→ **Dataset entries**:

-- Opening Marker --

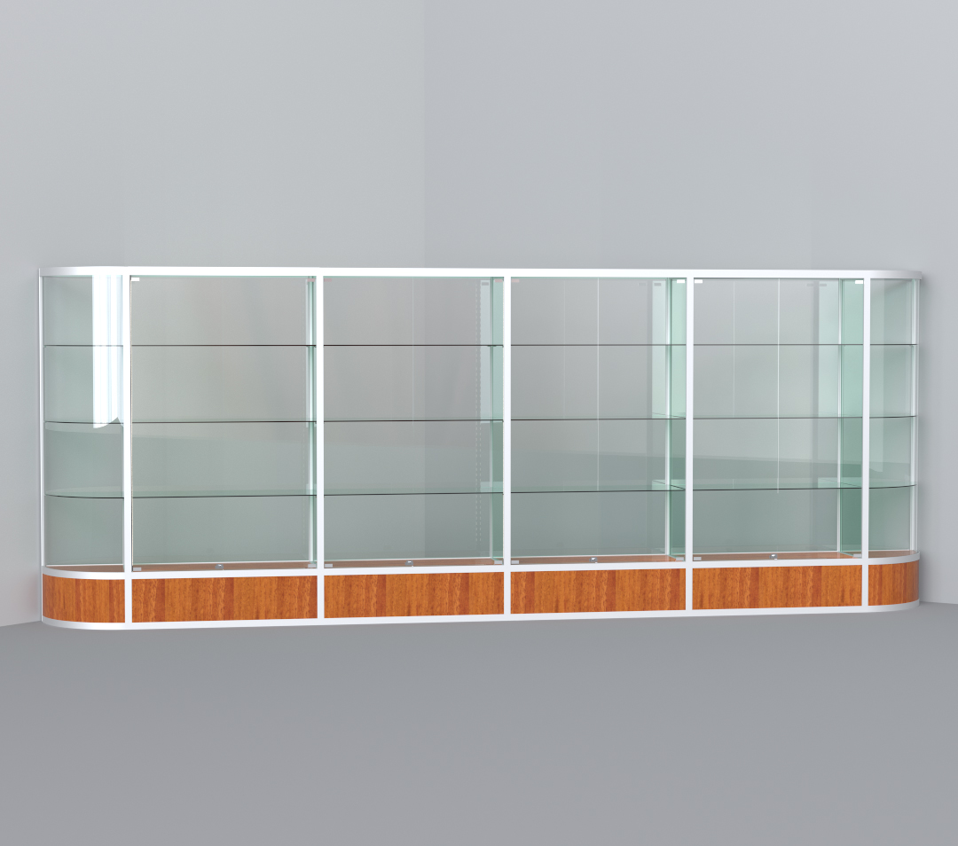 В витрине из профиля в стандартной комплектации: подиум 300мм. 3 стеклянные полки на секцию из стекла 6мм, стеклянные дверцы- стекло 5мм, замок накладной для стекла, также задняя стенка сделана из стекла. Дополнительно можно установить подсветку, как светодиодную, так и галогеновую. Для отправки в регион, можно заказать дополнительную деревянную упаковку- обрешетку.
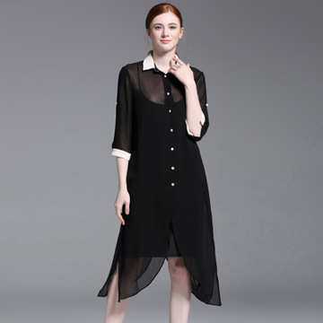 2016春夏新款女歐洲站透視連衣裙大碼薄款襯衫裙翻領(lǐng)中長(zhǎng)襯衣 /
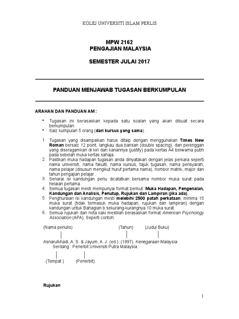 Contoh Assignment Pengajian Malaysia
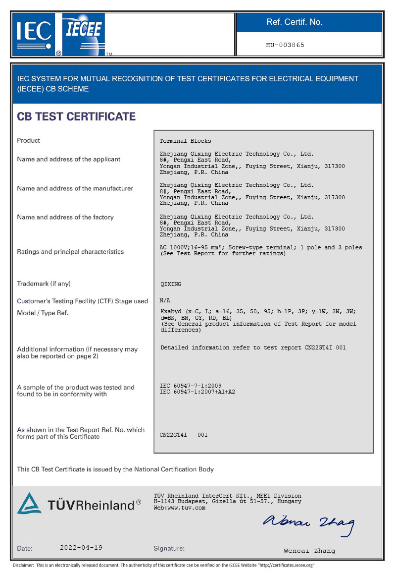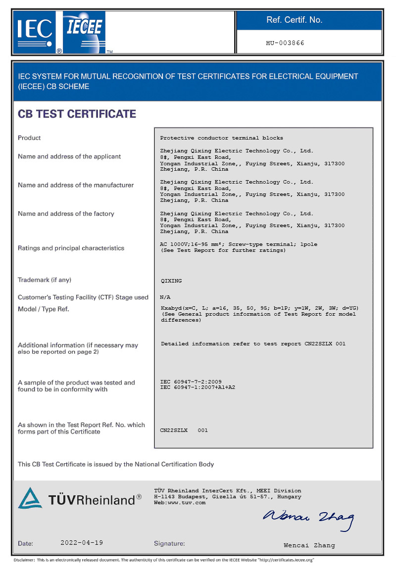 Our company focus on bringing in advanced technology and equipment, which adheres to the IS09001:2015 international quality system and quality certification.To be a export-oriented enterprises, QIXING also get international agencies of Product Certification in the following relevant fields: CB , CE , CVC , TUV , UL, SEMKO , ROHS.
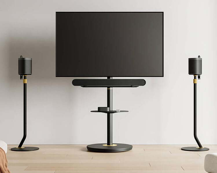 Concealed storage for integrated set-top boxes and cable management functions ensure a clean and tidy overall appearance, secured in place with magnetic attachment.
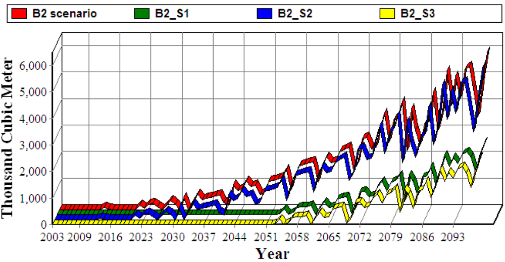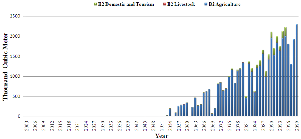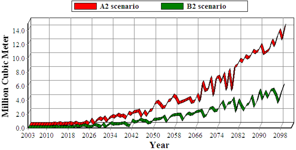 Both scenarios showed an increasing trend in water demand over time. A2 scenario exhibits a more pronounced increase than B2 scenario. Simulation results shown in Figure 7 demonstrate that the average annual unmet demand (quantity of water that cannot be physically delivered to the demand site) will dramatically increase over 70% and 90% of the total annual demand, respectively for B2 and A2 scenarios.
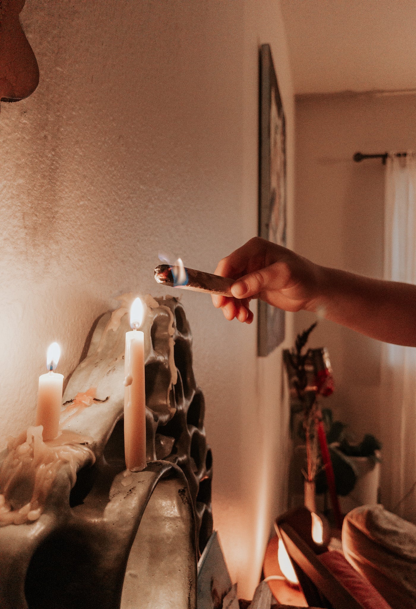 Many people use their altar to hold candles, stones, incense, or meaningful objects — small arrangements that evolve with daily life.
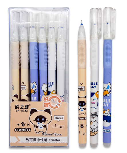 Ручка "Пиши стирай" в классическом корпусе. Чернила обесцвечиваются при трении. Достаточно потереть надпись резинкой, расположенной на конце ручки, и надпись исчезнет. При корректировке надписи бумага остается невредимой, можно писать поверх стертого.
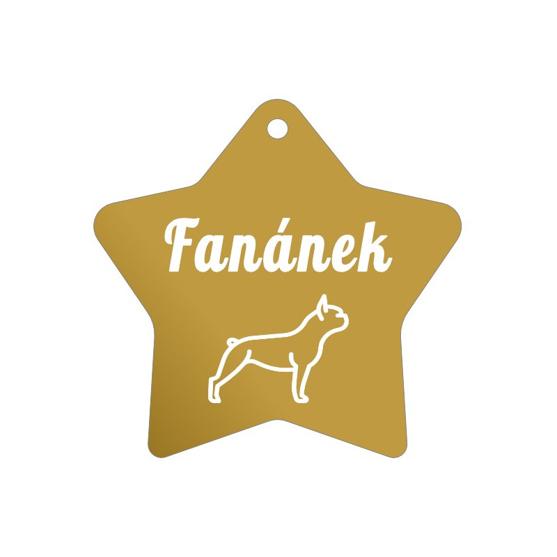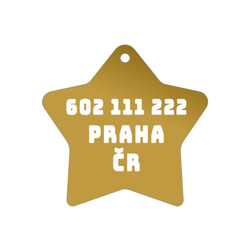 Zlatá psí známka hvězda s rytím vlastního návrhu
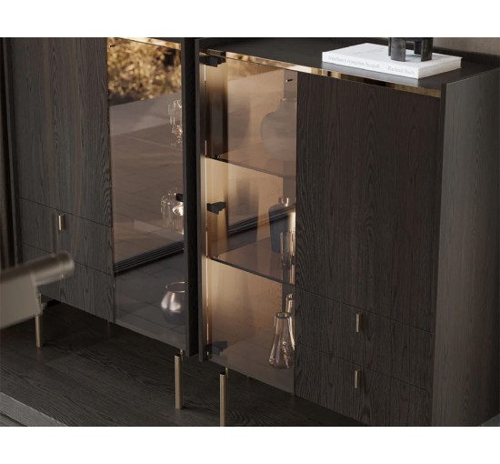 Le buffet se distingue par ses lignes minimalistes et son riche bois de noyer, complété par des détails en finition époxy qui lui confèrent une touche de modernité et de raffinement.
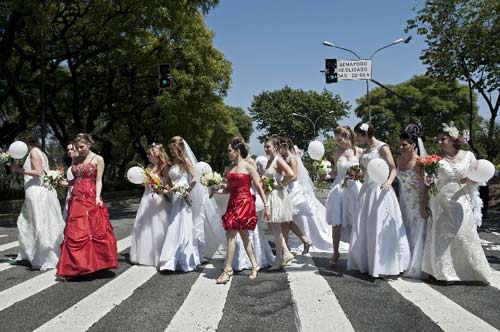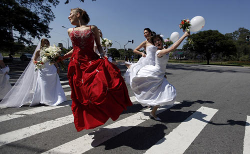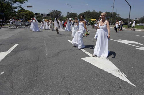 Hơn 40 cô dâu tương lai và một số đã lấy chồng, cùng nhau tham gia một sự kiện cô dâu diễu hành tập thể đầu tiên tại Brazil. Với khẩu hiệu chính “Hãy là cô dâu trong hơn một ngày”, những người tham gia muốn ghi dấu ấn sâu sắc hơn với thời khắc lên xe hoa. Một số người đã bước qua thời làm dâu cũng hãnh diện mặc lại những chiếc váy cưới trắng và tới cổ vũ cho các cô dâu tương lai.

-- Closing Marker --

→ **WORK ORDER**: From the first line of the records through the line with "Contoh Assignment Pengajian Malaysia", reproduce each line exactly and leave the pictures out.

→ **REPLY TO THE TASK**:
 В витрине из профиля в стандартной комплектации: подиум 300мм. 3 стеклянные полки на секцию из стекла 6мм, стеклянные дверцы- стекло 5мм, замок накладной для стекла, также задняя стенка сделана из стекла. Дополнительно можно установить подсветку, как светодиодную, так и галогеновую. Для отправки в регион, можно заказать дополнительную деревянную упаковку- обрешетку.
 2016春夏新款女歐洲站透視連衣裙大碼薄款襯衫裙翻領(lǐng)中長(zhǎng)襯衣 /
 Contoh Assignment Pengajian Malaysia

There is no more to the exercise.